17 Aralık operasyonu bize gösterdi ki Cemaat’mı, Camia’mı, Hizmet’mi, Hezimet’mi, Fetullahçılar larmı artık adı herneyse gizlice devletin içinde örgütlenmiş ve adeta parallel bir devlet yapısı oluşturmuştu. Ne için bunu yaptıklarını,neden böyle bir şeye tevessül ettiklerini anlamak mümkün değil. Çünkü kısa vadeda Cemaat’e bir güç gösterisi sunmuş olsa da bu olay, uzun vadede Cemaat bu yaptığını kendisini sevenlere izah edemeyecektir. Kimse Cemaat’e sadaka veya kurban verirken bir gün Türkiye’de iktidarı alacak diye vermedi. Kimse Cemaat’in sohbetlerine giderken, inşaallah bir gün İktidar bizim olacak diye gitmedi.
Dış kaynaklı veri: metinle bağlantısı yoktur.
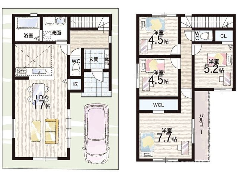 - ※完成予想図やCG合成画像は、門塀・植栽・庭・外観等、実際とは多少異なる場合があります。
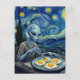 Blue Alien Eating Fried Eggs Faux Van Gogh Vykort
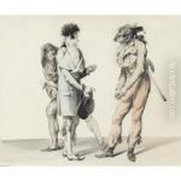 Les Croyables Au Perron [ ; Les Croyables Au Perron ; Black Chalk, Pen And Black Ink ; Grey Wash And Watercolour]
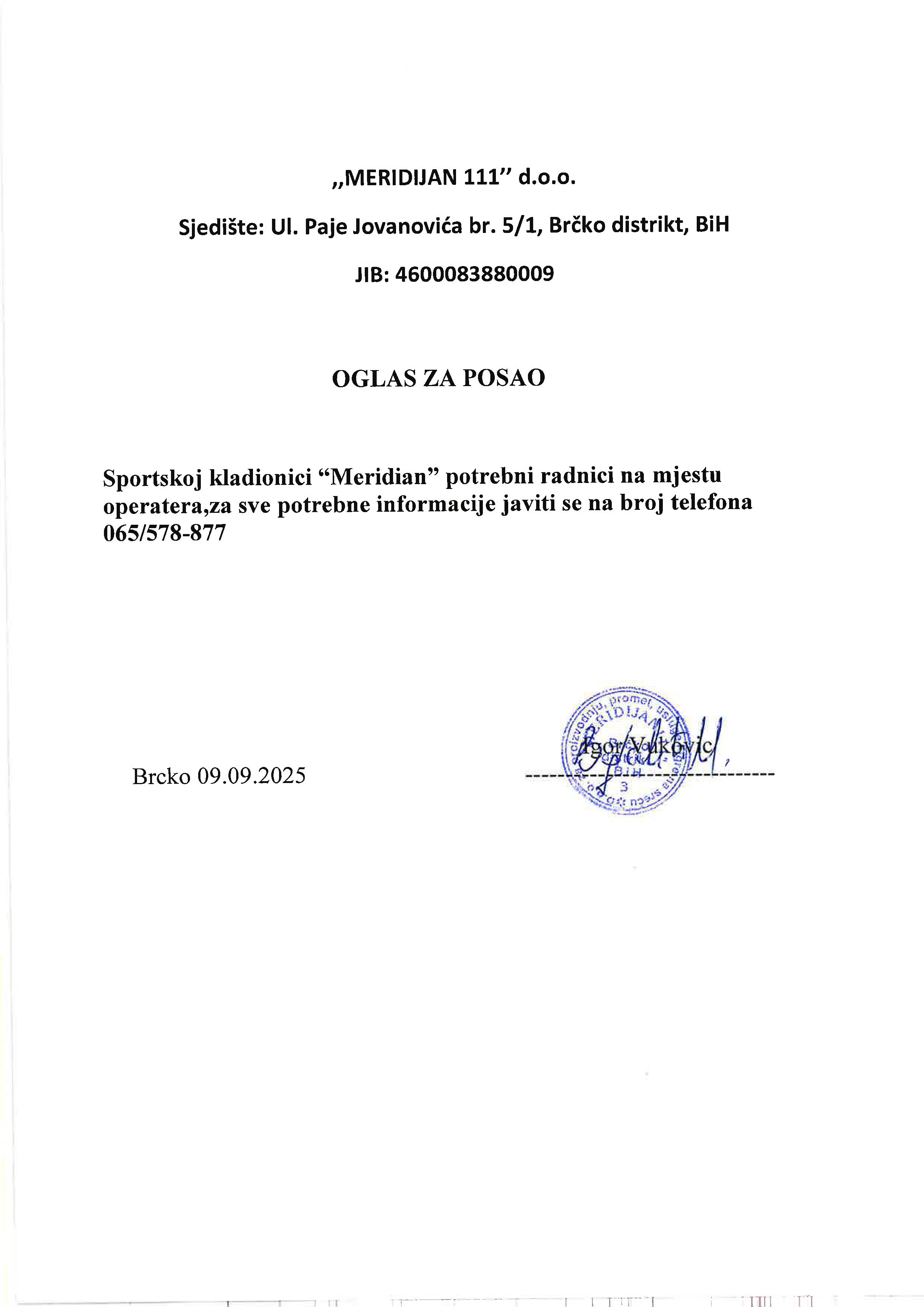 Operater (1)Meridian d.o.o.Brčko
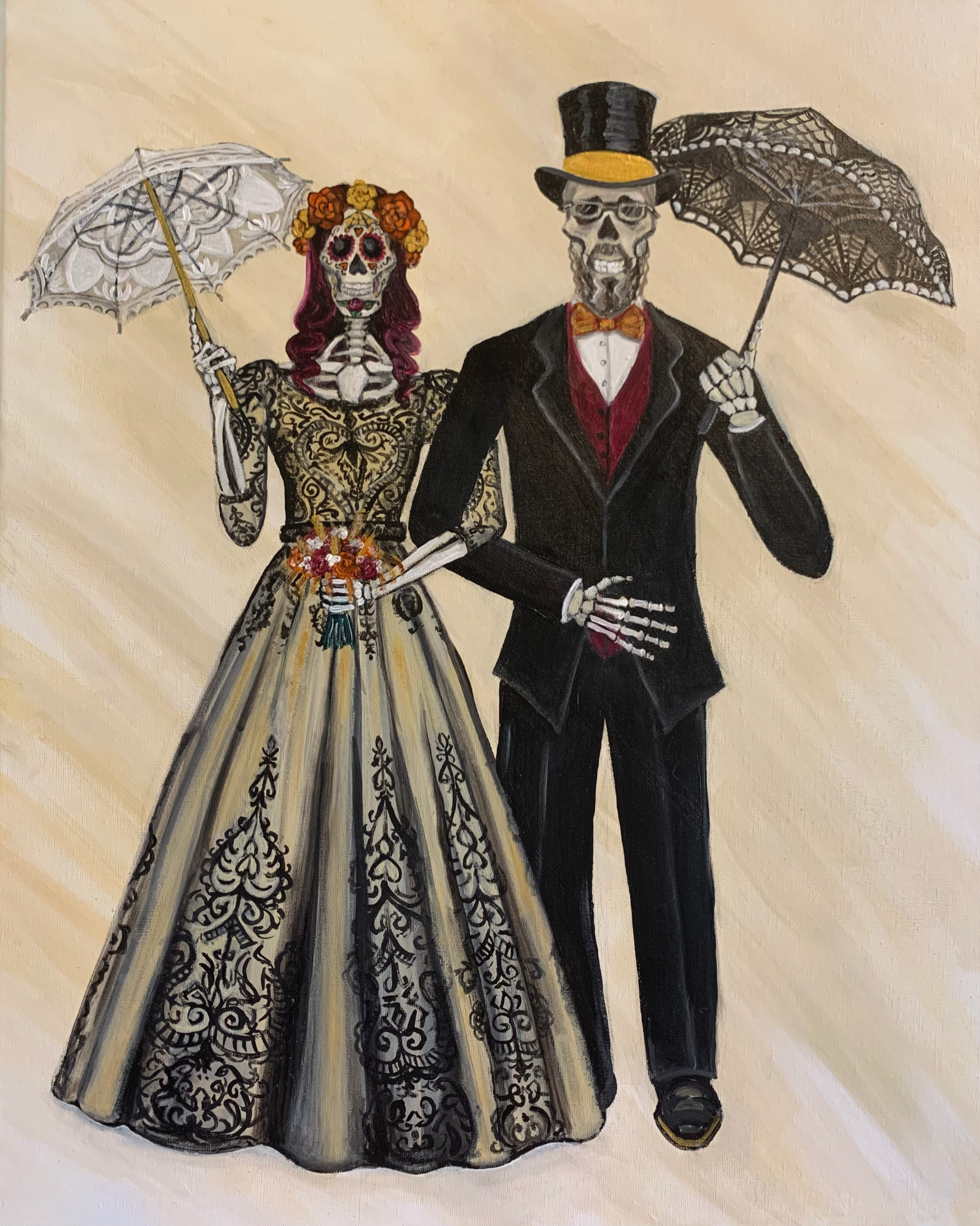 18″ x 24″ portrait of the bride and groom as day of the dead skeletons. Image used on oyster shell favors for a Halloween wedding.
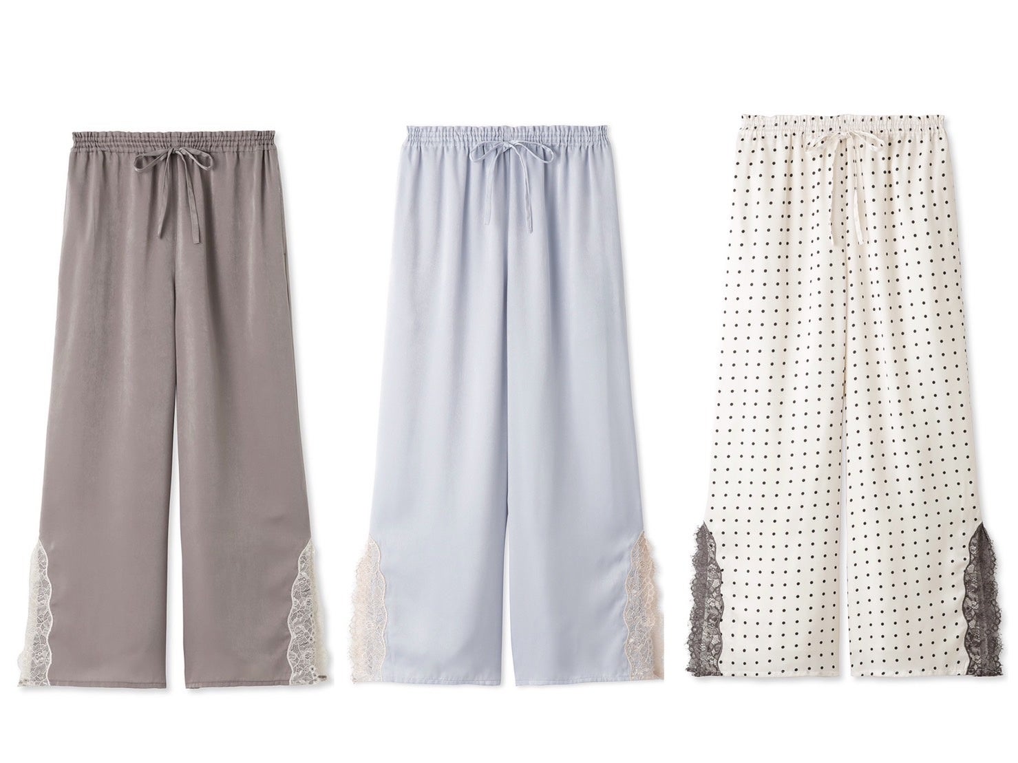 パンツは、ふんわりしたはき心地と短すぎない丈感がポイント。繊細なレースをあしらったサテンキャミソールとのコーディネートがおすすめです。
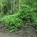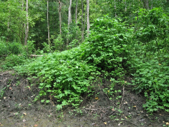 Invasive vine growing on old tree stump and spreading out around on the ground.
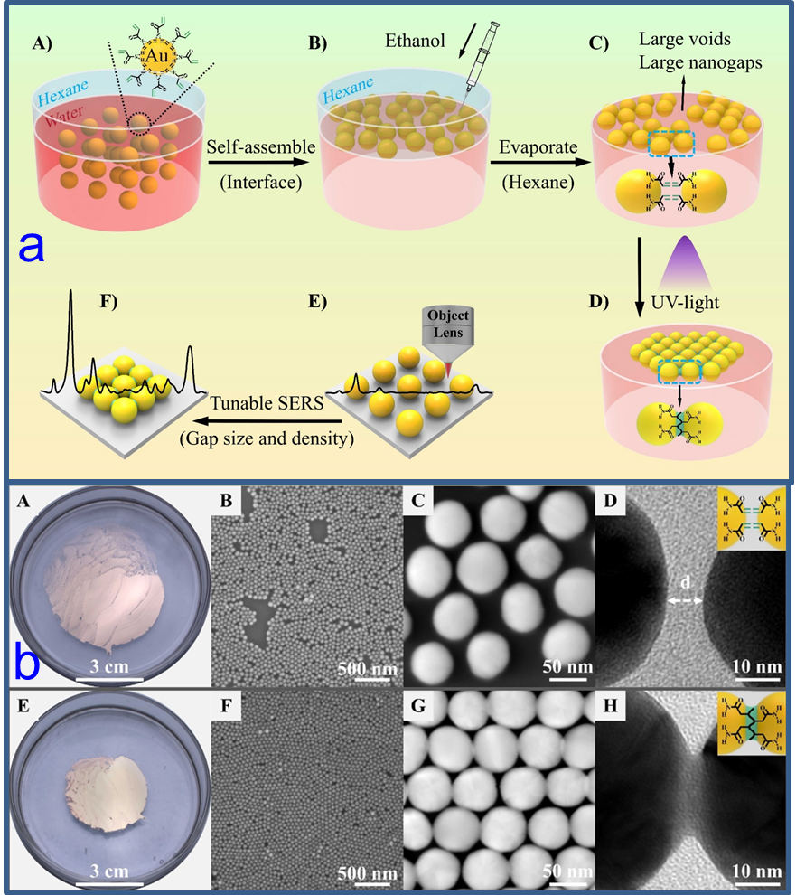 图1纳米金粒子表面交联诱导的液液界面自组装方法(a);传统方法(b:A-D)与本方法(b:E-H)获取纳米金粒子单层膜粒子间距调控的对比。
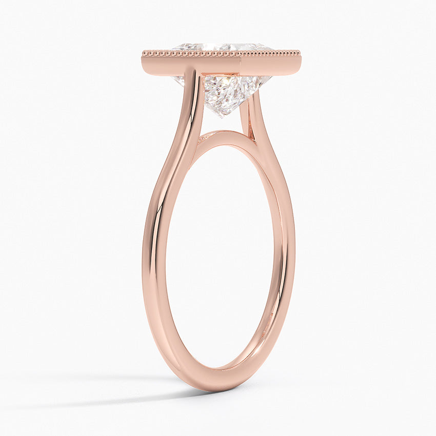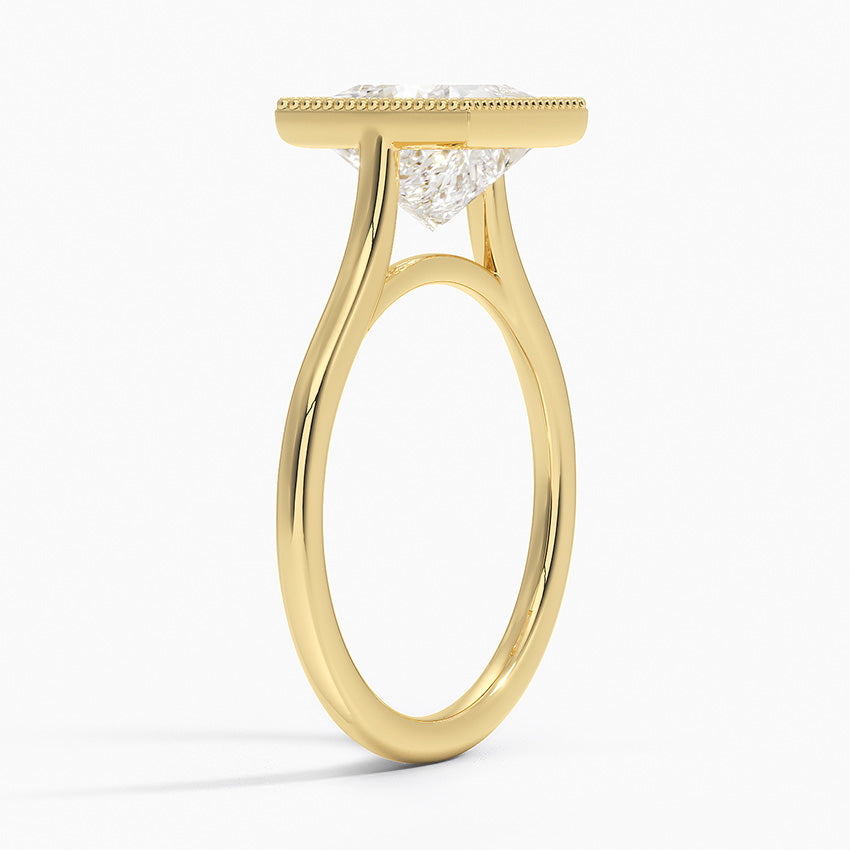 This beautiful, contemporary ring features a bezel-set center gem with milgrain accents for a unique look. The elevated bezel allows for maximum light play and accommodates a variety of wedding band styles to tuck underneath.
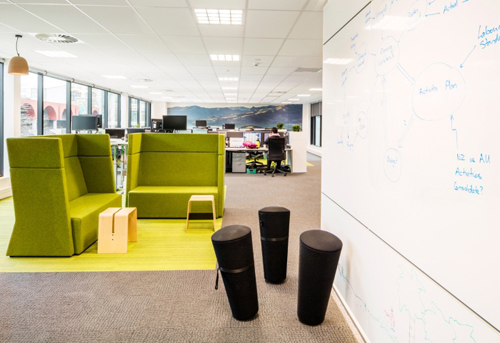 对设计团队的办公室设计,呈现的是放松、热情、强烈的户外冒险的氛围,醒目的绿色地毯搭配回收木材制作的墙面,kitchenette 的二楼反映的就是城市冒险,脚手架结构的下方就是协作区。

2010 yılında bizleri Zaman gazetesi abonesi yaparlarken, Allah rızası için, Amerika’da günlük basılabilen bir Müslüman gazetesi olsun diye yaptılar. 2010 Referandumunda Evet diye koştururlarken ülke de demokrasi olsun, daha çok özgürlük olsun diye yaptıklarını demişlerdi. Şimdi anlıyoruz ki Zaman aboneliği daha fazla medyasal anlamda ses getirmek ki yalan haberin bini bir parça, 2010 referandumunda sadece yargıyı ele geçirilmek için yapılan onca koşturmaymış. İşin içinde ne Allah rızası, ne ülke sevgisi, ne de vatan sevgisi varmış. Herşey Cemaat için. Gerisi yalan…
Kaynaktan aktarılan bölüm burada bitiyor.